本文简要介绍
pyspark.ml.classification.GBTClassifier
的用法。用法:
class pyspark.ml.classification.GBTClassifier(*, featuresCol='features', labelCol='label', predictionCol='prediction', maxDepth=5, maxBins=32, minInstancesPerNode=1, minInfoGain=0.0, maxMemoryInMB=256, cacheNodeIds=False, checkpointInterval=10, lossType='logistic', maxIter=20, stepSize=0.1, seed=None, subsamplingRate=1.0, impurity='variance', featureSubsetStrategy='all', validationTol=0.01, validationIndicatorCol=None, leafCol='', minWeightFractionPerNode=0.0, weightCol=None)
Gradient-Boosted Trees (GBTs) 学习分类算法。
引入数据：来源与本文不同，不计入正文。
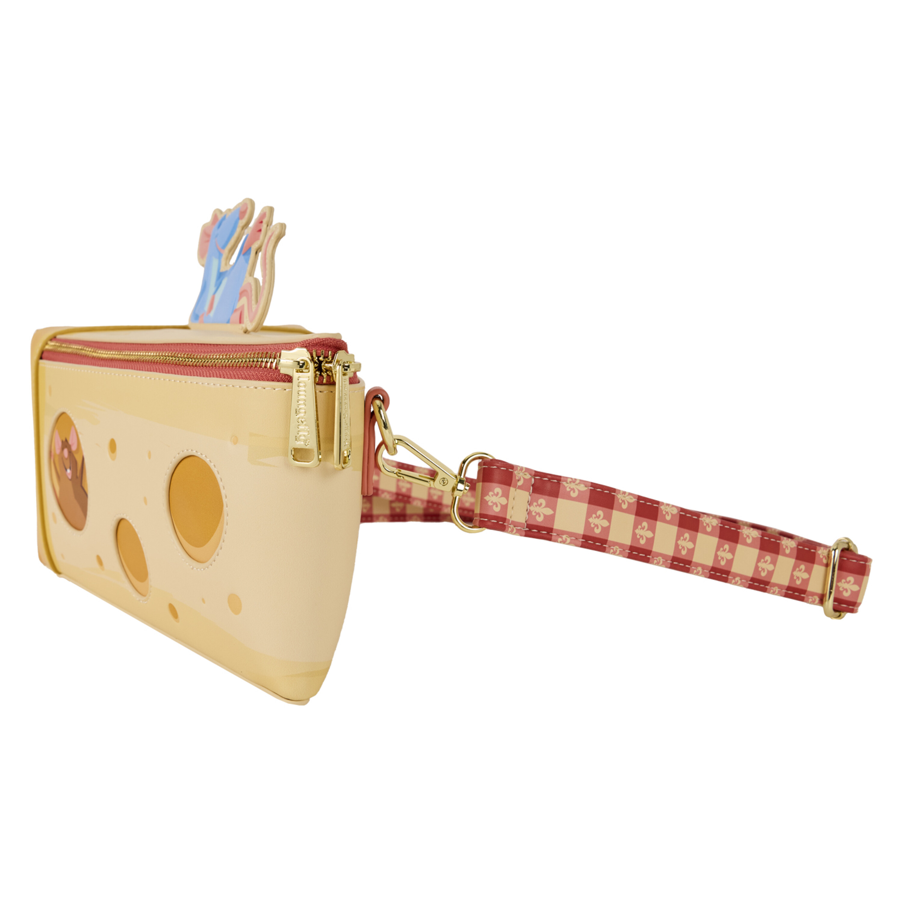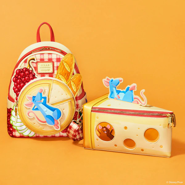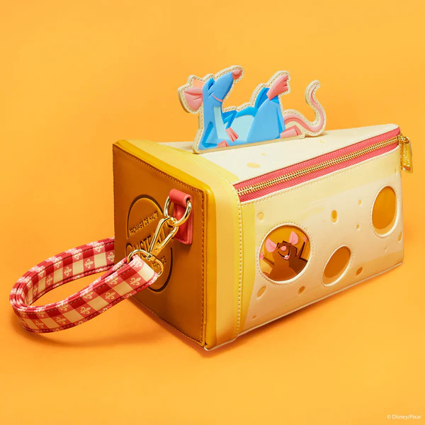 La borsa di cui non sapevi di aver bisogno nella vita: una a forma di fetta di FORMAGGIO! Questa è per tutti gli appassionati di salumi. Remy si rilassa in un'applicazione sulla parte superiore della borsa. Ai lati, troverai personaggi familiari visibili nei buchi del formaggio. La "crosta" del formaggio ha il logo Gusteau impresso. Dai, quanto sarebbe iconico andare al tuo ristorante preferito con una borsa portaformaggi?!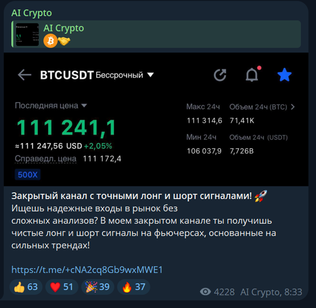 AI Crypto позиционируется как канал для инвесторов и трейдеров. Здесь обещают публиковать аналитические обзоры, новости криптовалют, обзоры трейдерских инструментов и прочее. Пользователям также предлагают воспользоваться сигналами от специалистов, которые могут помочь хорошо заработать. В этой статье мы рассмотрим, стоит ли подписываться на данную площадку и пользоваться услугами или лучше остерегаться мошенников.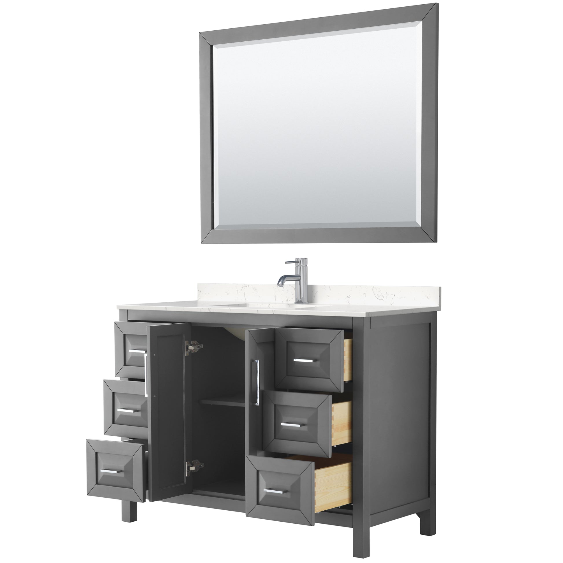 Daria 48" Single Vanity in Dark Gray, Carrara Cultured Marble Top, 46" Mirror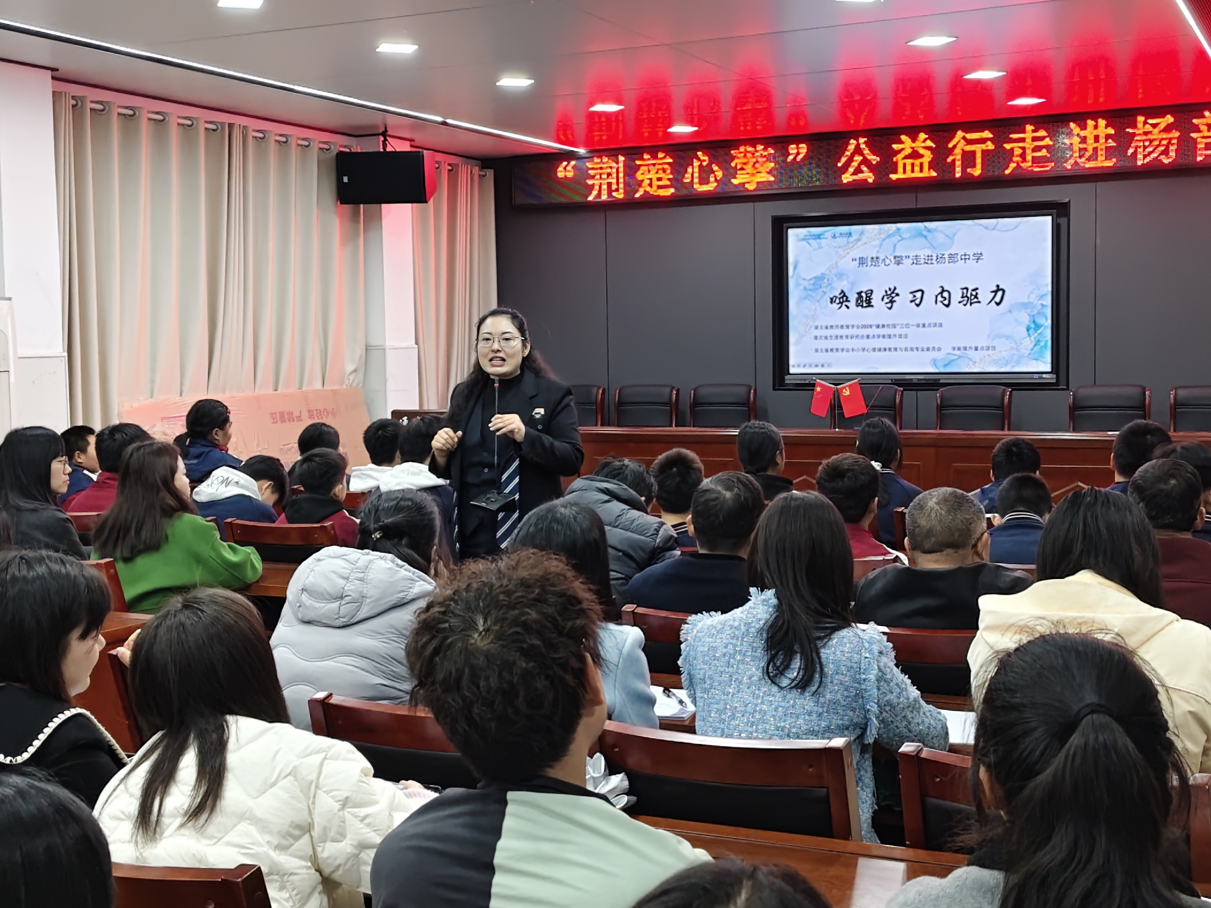 省专委会副秘书长李好老师详细阐释了“荆楚心擎”项目的内涵。她指出:“‘心擎’二字,‘心’是内心动力,‘擎’是引擎支撑。我们不是替学校扛活,而是为学校装引擎,让学校自己长出健康的力量。”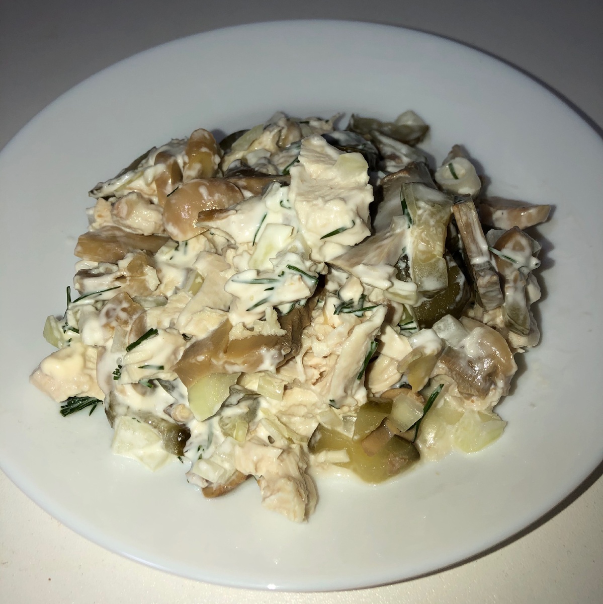 Салат получается очень сытным, нежным, и простой в приготовлении. Ингредиенты: Шампиньоны консервированные 1 банка Маринованные огурцы 2 шт Филе куриное 400 гр Майонез Укроп 20 гр Лук 1 средняя головка Соль, перец Приготовление: Филе курицы отвариваем, солим, перчим по вкусу, нарезаем. Шампиньоны нарезаем средних размеров, не мелко. Огурцы режем мелко, аккуратно выжимаем лишний сок, добавляем к курице и грибам. Укроп и лук мелко рубим, добавляем в салат и заправляем майонезом, всё хорошо перемешиваем и можно подавать. Приятного аппетита!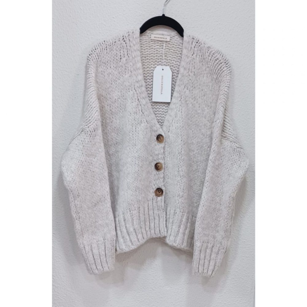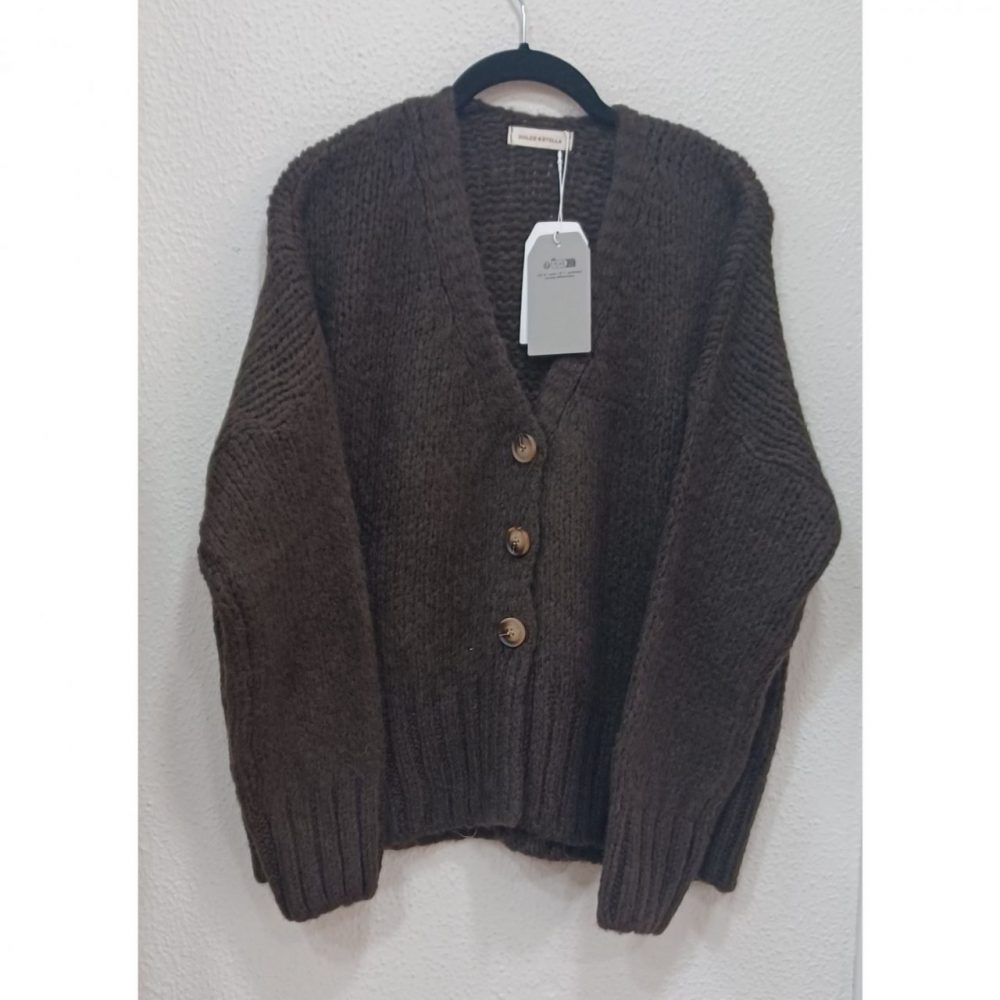 Chaqueta botones, talla única, medidas: 120 cm contorno de pecho y cadera, 62×64 cm largo. 52% acrílico, 22% poliester, 18% lana y 8% viscosa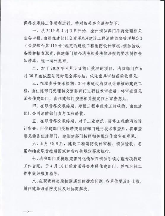广东省消防总队关于移交建设工程 消防设计审查验收职责的通知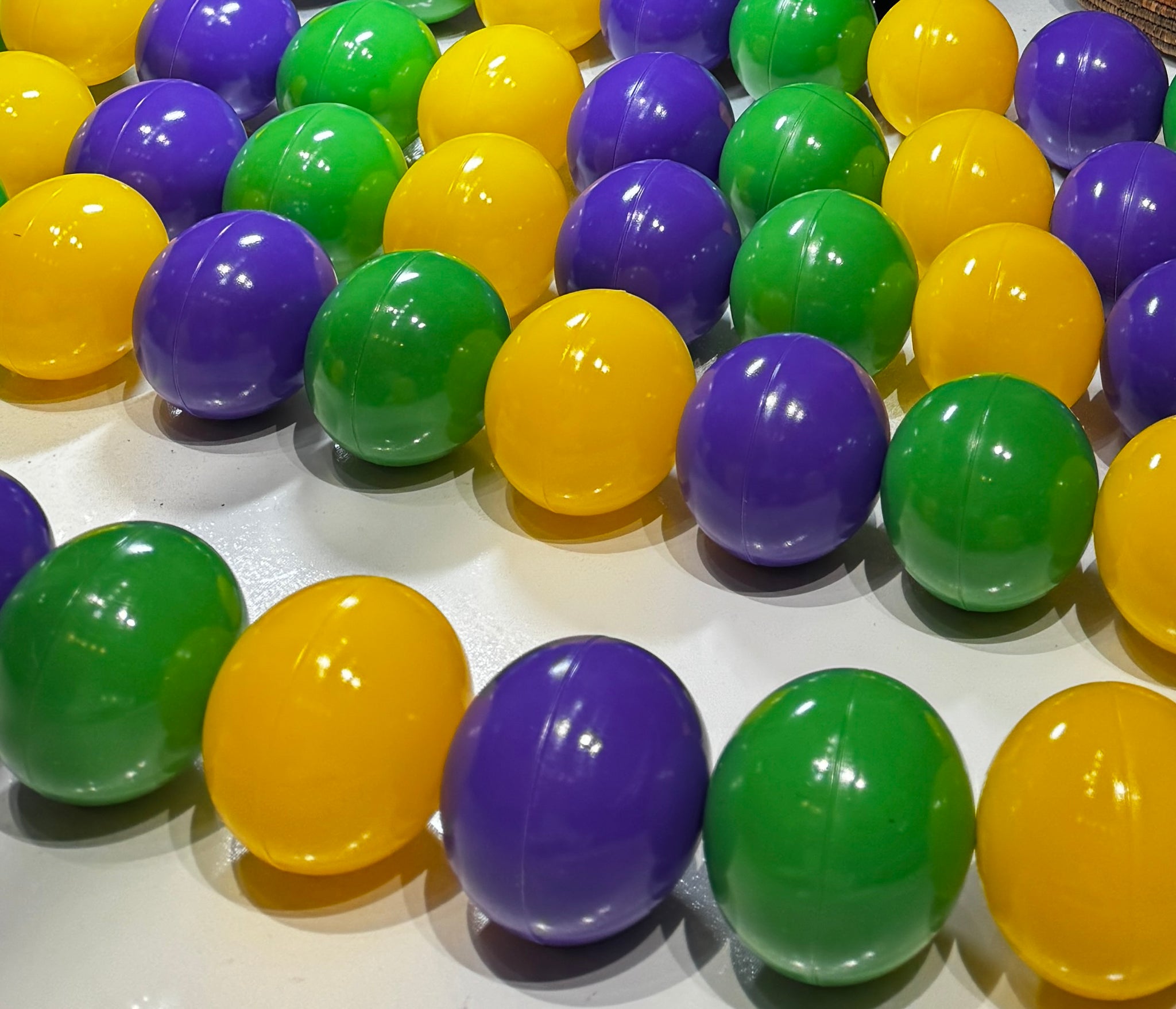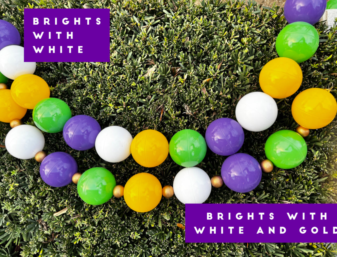 These beauties are ready to hang. If you’re interested in DIY of these fun bead garlands, see our listing here for more info: https://www.beadshopneworleans.com/products/diy-mardi-gras-garland-kit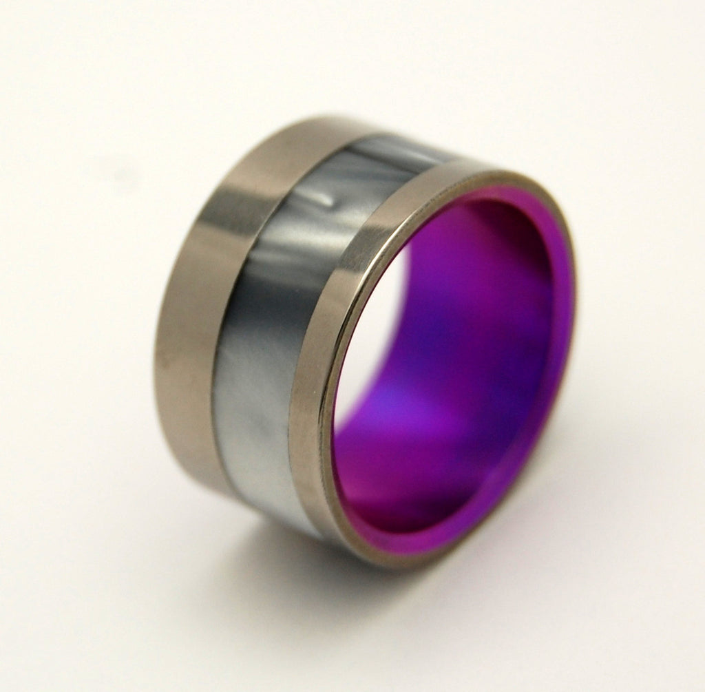 Bold and Daring - this band makes it happen! Gray marbled opalescent is offset in a mirror finish titanium band. An electric purple interior sizzles.Pictured at 11mm.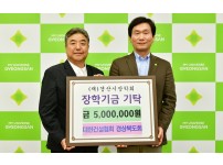 지역 학생들이 꿈을 펼쳐나가기를 바라며 장학금 전달 (재)경산시장학회는 대한건설협회 경상북도회가 13일 시청을 방문해 인재 육성을 위한 장학금 500만원을 기탁했다고 13일 밝혔다.박한상 회장은“학생들이 어려운 환경 속에서도 학업에 전념할 수 있는 환경을 만들어 주기를 바란다”며, “건설인들이 힘을 모아 작은 보탬이 되어줄 수 있어 뜻깊다”고 소감을 말했다.조현일 이사장(경산시장)은 “침체한 경기로 건설시장이 힘든 시기임에도 불구하고 지역사회와 지역 인재 육성에 관심을 주셔서 감사드린다”며, “학생들이 학업에 전념할 수 있…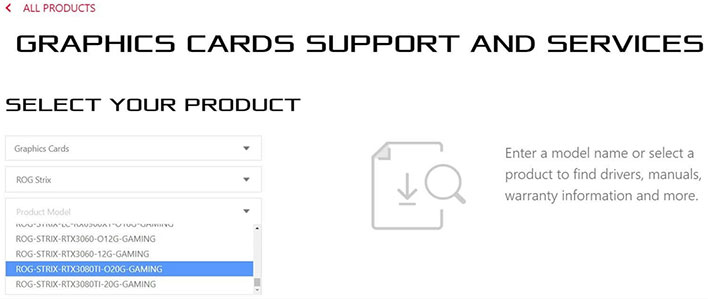 Jemand bei ASUS hat über die Feiertage wohl ein Glas Eierlikör zu viel getrunken, denn auf der Support-Website des Unternehmens sind im Pull-Down-Menü der Grafikkarten-Sektion zwei unveröffentlichte und unangekündigte Grafikkarten der GeForce RTX 30-Serie aufgeführt. Das wären die GeForce RTX 3080 Ti und die reguläre GeForce RTX 3060.

它支持二进制标签,以及连续和分类特征。
1.4.0 版中的新函数。
注意:
当前不支持多类标签。
该实施基于:J.H.弗里德曼。 “随机梯度提升。” 1999 年。
梯度提升与 TreeBoost:
此实现适用于随机梯度提升,而不适用于 TreeBoost。
两种算法都通过最小化损失函数来学习树集成。
TreeBoost(Friedman,1999)根据损失函数另外修改了树叶节点的输出,而原始梯度增强方法则没有。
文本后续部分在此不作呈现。